Clinial innovations - Innovation and Conservative Risk Taking - SHAPE Example
In an earlier blog, I said I would return from time to time to excerpts from The Daily Drucker (HarperBusiness, 2004). This handy little book contains daily entries consisting of excerpts of writings of late Peter D. Drucker, America’s most eminent managerial and social philosopher.
I have patterned mediinnovationblog.blogspot after Drucker’s work. Each day I make an entry based on something I write that day or something I’ve written in the past, always something that relates to innovation in health care.
What follows are: A) One of Drucker’s daily entries; B) One of my daily entries.
A) Drucker Daily Entry
Successful innovators are conservative
I once attended a university symposium on entrepreneurship at which a number of psychologists spoke. Although their paper disagreed on everything else, they all talked about an “entrepreneurial personality, which was characterized by a propensity for risk taking.” A well-known and successful innovator and entrepreneur who had built a process-based innovation into a substantial worldwide business in the space of twenty-four years was then asked to comment.
He said, “I find myself baffled by your papers. I think I know as many successful innovators and entrepreneurs as anyone, beginning with myself. I have never come across an ‘entrepreneurial personality.’ The successful ones I have know all have, however, one thing – and only one ting – incommon: they are not ‘risk takers.’ They try to define the tasks the risks they have to take and to minimize them as much as possible. Otherwise none of them would have succeeded.”
This jibes with my own experience. I, too, know a good many successful entrepreneurs. Not one of them has a “propensity for risk taking.” Must successful innovators in real life are colorless figures, and much more likely to spend hours on cash-flow projections than to dash off looking for “risks. They are not risk –focused”’ they are “opportunity focused.”
ACTION POINT: Determine which of your ideas the least risk and the most opportunity and focus on them.
B) Reece Entry
What I’m about to describe is a remarkable innovation that’s conservative, not risky, and destined for success. It’s a cardiovascular-pulmonary risk device, based on tweaking and modifying the current cardiac risk treadmill stress test but without the risk and with additional pulmonary and predictive risk software.
It’s not risky because:
1) it carries no risk for the patient;
2) it is based on five decades of research;
3) it has been tested and validated at the Mayo Clinic, which is not in the habit of recommending risky devices.
Catching Bad Behavior Early a Risky Proposition
Preventing predictable disease is a risky proposition. You can preach and teach, hector and lecture, fan flames of fear, and even ban bad behaviors in public places. As a general proposition, banning bad behavior is a good thing, but as Oliver Wendell Holmes, Jr. said, “I dare say that I worked off my fundamental formula on you that the chief aim of man is to frame general propositions and no general proposition is worth a damn.”
Nothing, it seems, can change bad behavior for everyone. Banning individual pleasurable behavior in a capitalistic society is a risky proposition, for it impinges on individual freedom. Public banning sound simple, but as alcohol and marihuana prohibition has taught us, defying banning is exciting and often leads to abuse.
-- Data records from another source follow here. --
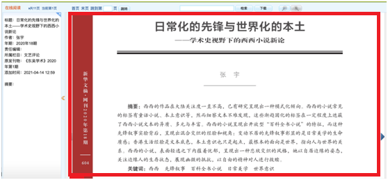 2021年4月14日,皇冠国际 90后青年教师张宇的论文《日常化的先锋与世界化的本土——学术史视野下的西西小说新论》被《新华文摘》网刊全文转载(2020年第18期),引发广泛关注。此篇论文首发于《东吴学术》(2020年第1期),作者张宇老师选取学术史视角来探讨香港作家的写作,将其纳入中国当代文学的研究领域,以日常化/世界化这一极富张力的表述打破了当下对于西西创作研究的模式化倾向,因此是一篇富有创见的优秀学术论文。《新...
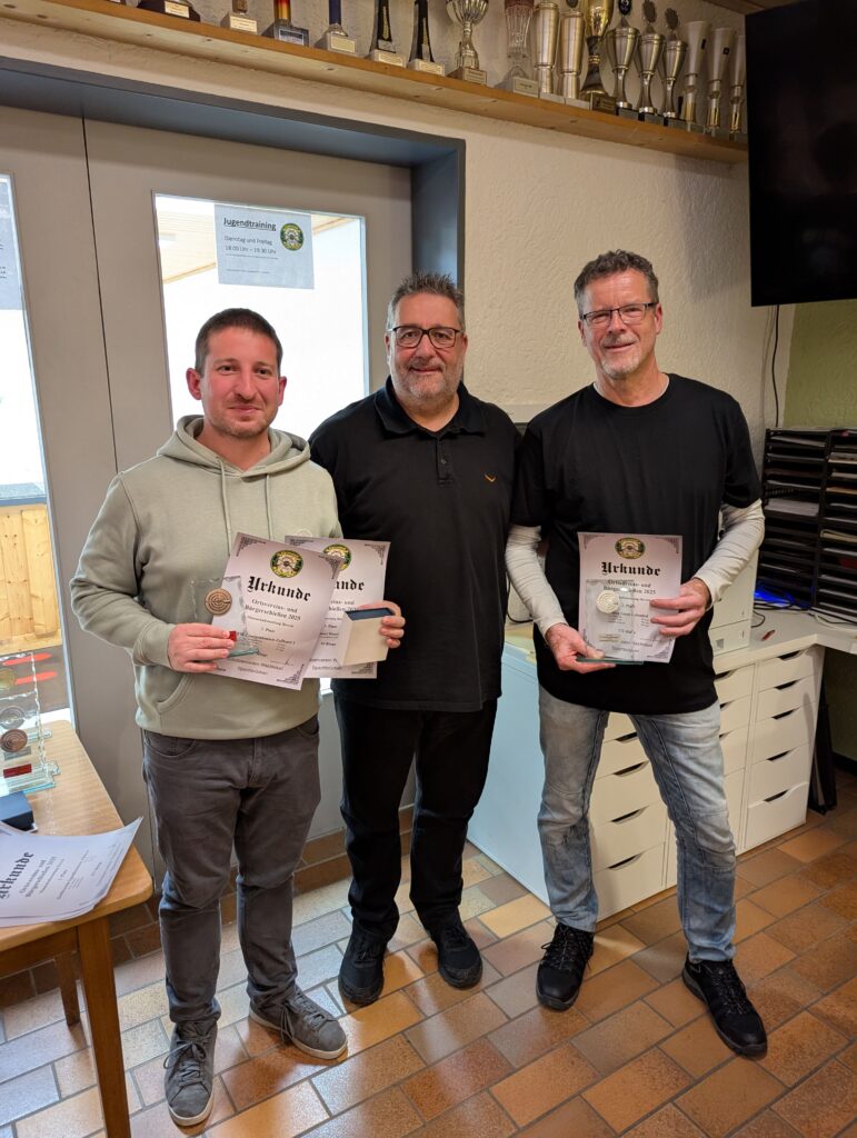 Ortsvereins- und Bürgerschießen 2025: Dritter Platz mit der Mannschaft für „Freiwillige Feuerwehr Georgenhausen-Zeilhard 1“ (links), und zweiter Platz für die „Young Guns Reloaded“ angenommen von „Trainer“ Michael Schimpf (rechts)
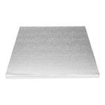 SQUARE METALLIC SILVER CARDBOARD CAKE DRUM BOARD - COVERED EDGE
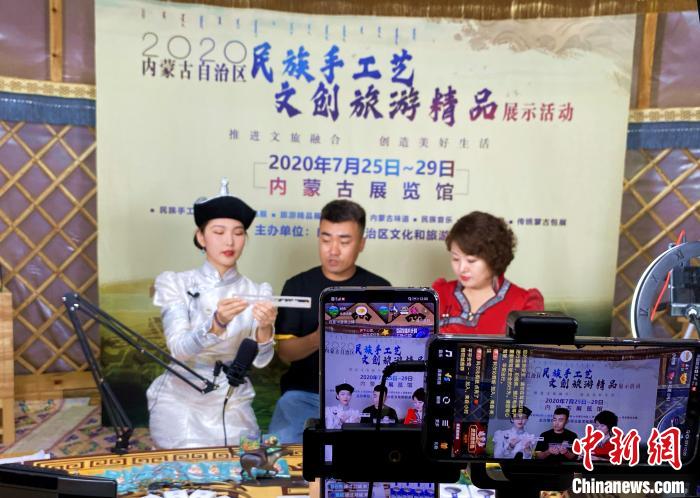 圖為“2020內(nèi)蒙古自治區(qū)民族手工藝和文創(chuàng)旅游精品展示活動”直播現(xiàn)場。 張瑋 攝
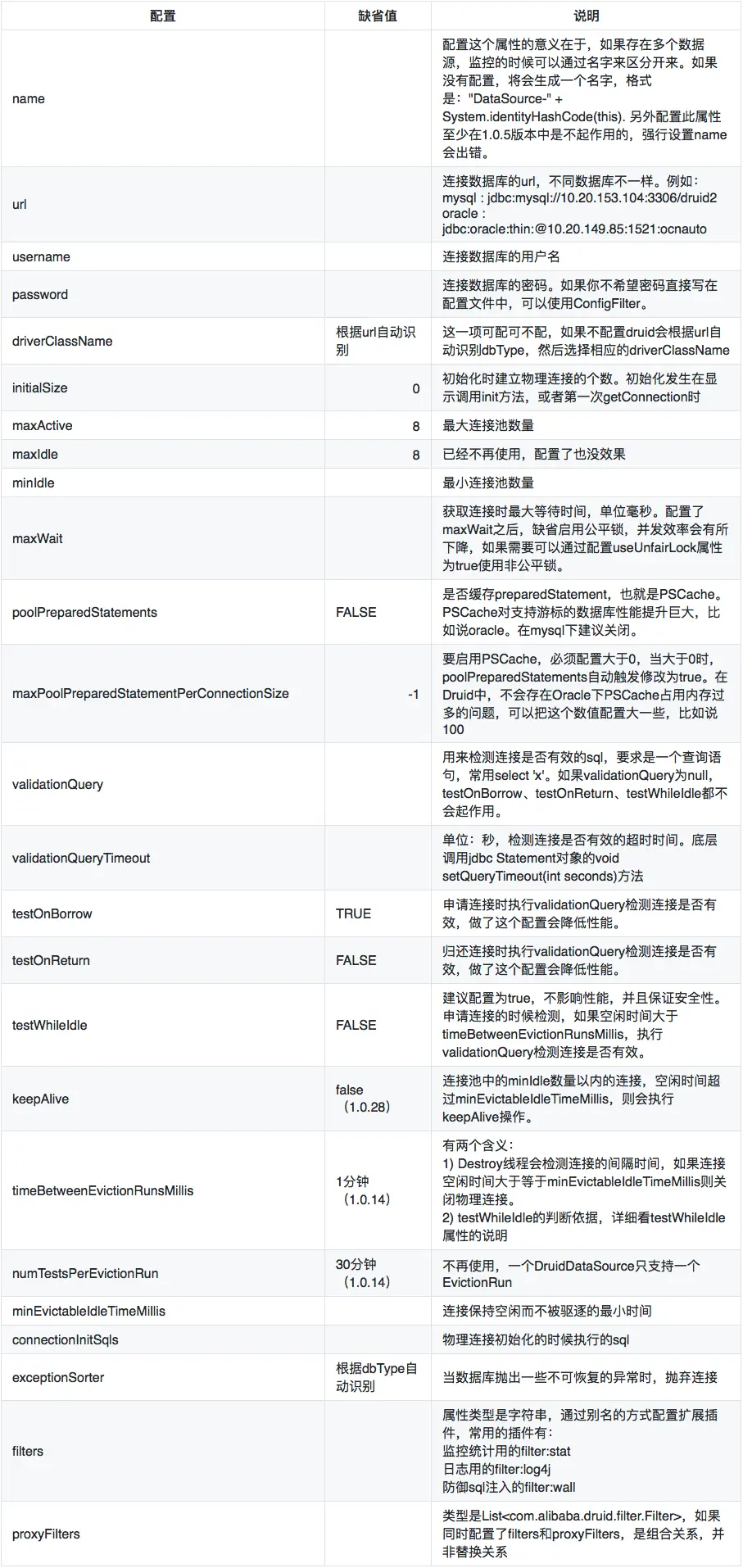 属性类型是字符串,通过别名的方式配置扩展插件,常用的插件有:监控统计用的filter:stat日志用的filter:log4j防御sql注入的filter:wall
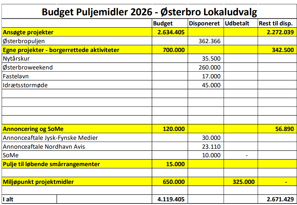 Sekretariatet har sammensat en status for det økonomiske forbrug for at give lokaludvalgets medlemmer et overblik over 2026-puljemidler. Oversigten giver et overblik over, hvad der er forbrugt/disponeret, og hvad der er tilbage til disposition inden for budgetåret 2026 for både ansøgte projekter (Østerbropuljen) og egne projekter.
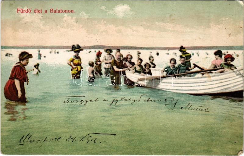 1912 Balaton, fürdőélet, csónak. Divald Károly 2120-1909. https://www.darabanth.com/hu/415-Gyorsarveres/415.0/Kepeslapok/Magyarorszag~1000005/1912-Balaton-furdoelet-csonak-Divald-Karoly-2120-1909~II2601617
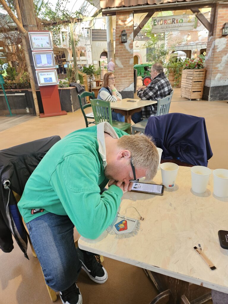 De Knager was met Noutje Buffels bezig met een ochtendsessie bulkdrinken. De klok slaat half 12 en het is op bij de Knager. Een tafeltje verder riep er nog wel iemand “Héé ouwe bekokstover kom je een meermansie maken”!

Innovative Way to Influence Behavior Leading to Heart and Lung Disease
But there may be an innovative way out. One can measure the early physical effects of bad behavior. After all, whatever can measure can be understood – and managed. That is why the mantra of “metrics” marches through the minds of medical managers. The subjective becomes objective and understandable to common man.
SHAPE
Suppose you had a portable high tech – simple-to-use, economical, low-risk device – that could measure early bad behavioral effects, lack of fitness, early signs of heart and lung disease, engendered by smoking and obesity.
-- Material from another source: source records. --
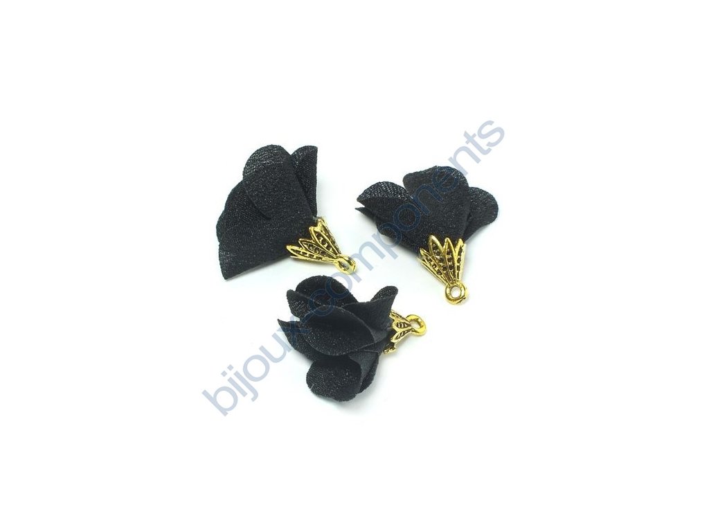 Ozdobný kvítek černý s kaplíkem (starozlato), cca 25mm, balení=2 ks.
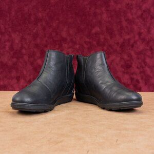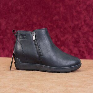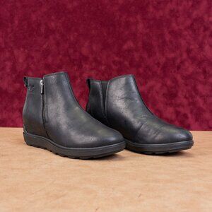 Sorel Women Black Leather Zip Short Spring Evie II Ankle Boots sz 9.5
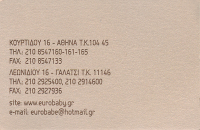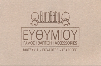 customer tabsΕπικοινωνίαΒιοτεχνία Ειδών Γάμου - Βάπτισης.2η Δ/νση: Κουρτίδου 16, Άνω Πατήσια Γάμου και Βάπτισης ΕίδηΛοιπά Λεωνιδίου 16, ΓαλάτσιΓΑΛΑΤΣΙ ΑΤΤΙΚΗΣΑΤΤΙΚΗ 21029254002102927936info@eurobaby.greurobabe@hotmail.comwww.eurobaby.grEfthimiou Eurobaby Το προτείνω (έχει προταθεί 0 φορές) ΦωτογραφίεςFacebook LikeShare on FacebookTweet Widget
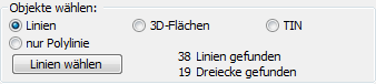 Dreiecksnetze aus Linien können z. B. aus verschiedenen Vermessungsprogrammen oder auch der Übernahme aus modernen Totalstationen stammen. Kennzeichnend ist hierbei, dass auch die Dreiecksseiten benachbarter Dreiecke nur aus einem einzelnen Objekt (Linie) zu bestehen brauchen. Es werden aber auch Dreiecke mit doppelten Kanten unterstützt.
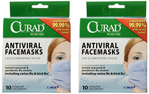 2 Pack of Curad® Antiviral Medical Face Mask, Pleated, 10/Box. Includes 2 Boxes/20 Total.
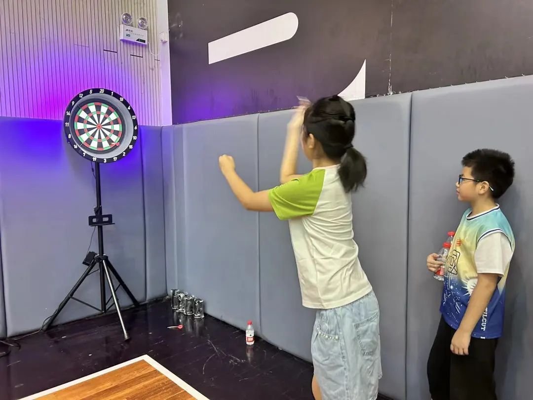 陆晶今年11岁,虽然是第一次参加飞镖竞技,但是她快速掌握了要领。她表示:“每次我们投到的位置都不一样,所以这个力度需要控制好,高度需要是一个抛物线。”
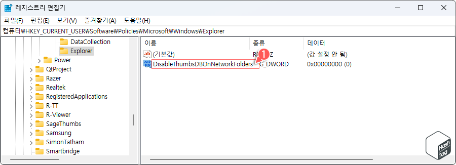 새롭게 생성한 DWORD 값 이름을 ‘DisableThumbsDBOnNetworkFolders’로 지정합니다.
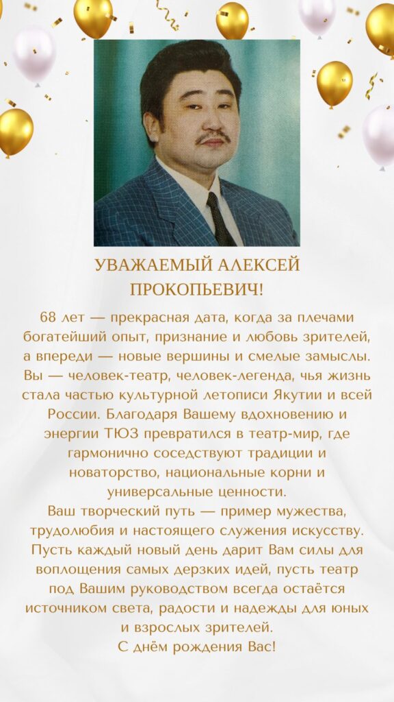 Алексей Прокопьевич — это имя, которое неразрывно связано с театральной жизнью Якутии. Уже более сорока лет он посвятил себя сцене, став не только выдающимся актёром и режиссёром, но и мудрым наставником для целого поколения артистов. Под его руководством ТЮЗ вышел далеко за пределы республики, с успехом представляя своё искусство на международных и российских театральных фестивалях.
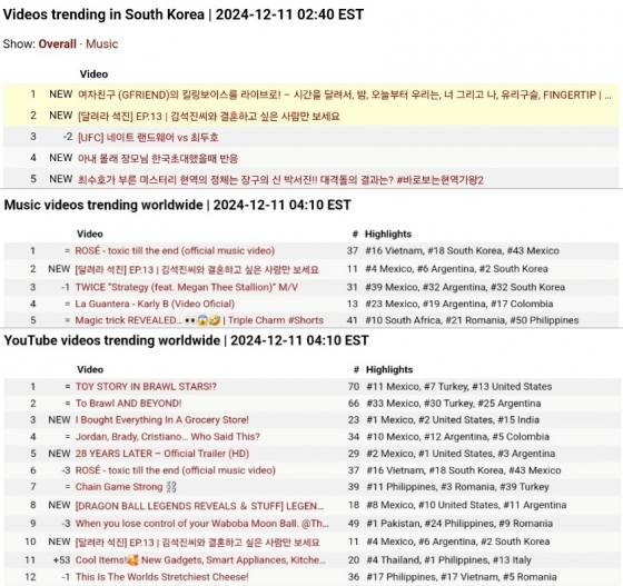 유튜브 韓 인기 동영상 톱2·전 세계 MV 인기 동영상 톱2·전 세계 인기 동영상 톱10
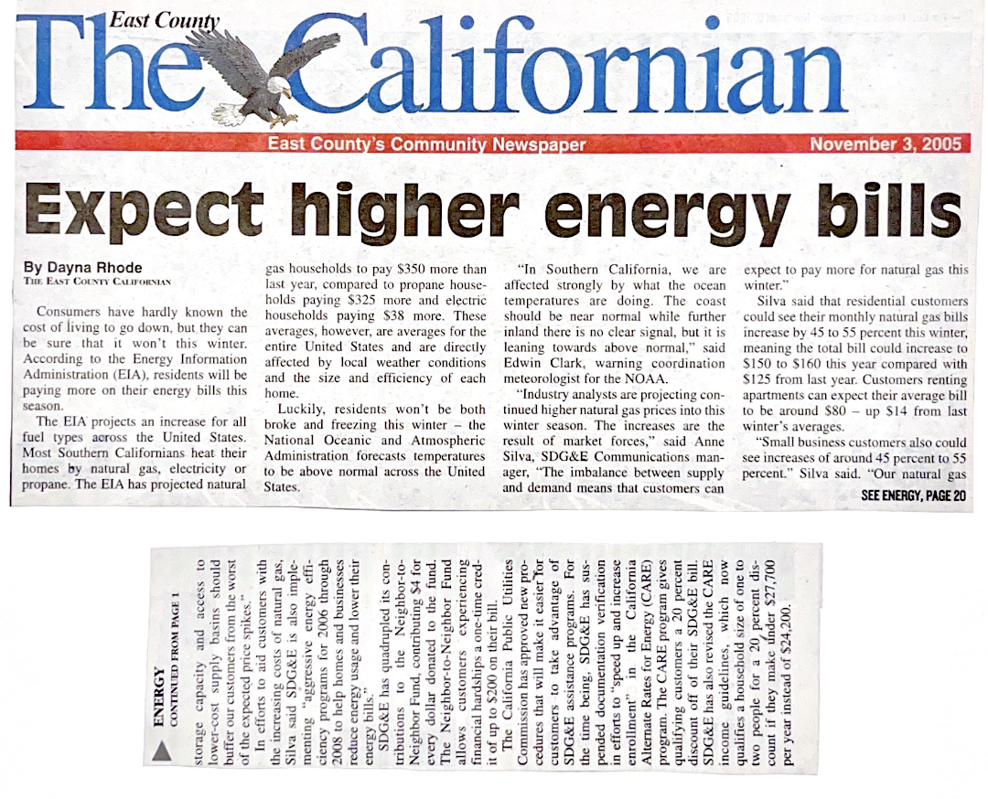- During my journalism internship I wrote hard news articles for a weekly community newspaper with a 32,500-copy circulation serving San Diego’s East County. Continued freelancing after internship ended.
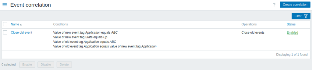 In the Configuration → Event correlation section users can configure and maintain global correlation rules for Zabbix events.
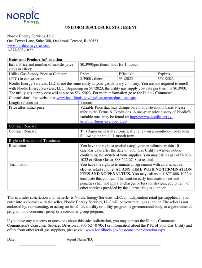 UNIFORM DISCLOSURE STATEMENT Nordic Energy Services, LLC One Tower Lane, Suite 300, Oak brook Terrace, IL 60181 www.nordicenergyus.com 18778081022 Rates and Product Information Initial Price and number

Suppose these “metrics” were objective, reproducible, and understandable to those doing the testing and those being tested. And suppose you could “quantify” chances for hospitalization and even early death, based on a large irrefutable database of hundreds of thousands of patients that have gone before you down the paths of preventable bad behavior. Now, that would be “Innovative,” with a capital “I.”
What I’m building up to is a new technology called SHAPE – Superior Heart and Pulmonary Technology. A group of four (who prefer to go unnamed for now until the scientific evidence is irrefutable) – an electrical engineer, an electrophysiologist, a software programmer, and a health care consultant – known as Cardiac Risk Assessment Associates, have been working in conjunction with the Mayo Clinic department of Cardiology, to develop a physiologically-sound, scientifically-based, and computer-predictive device for evaluating cardiopulmonary disease in multiple settings.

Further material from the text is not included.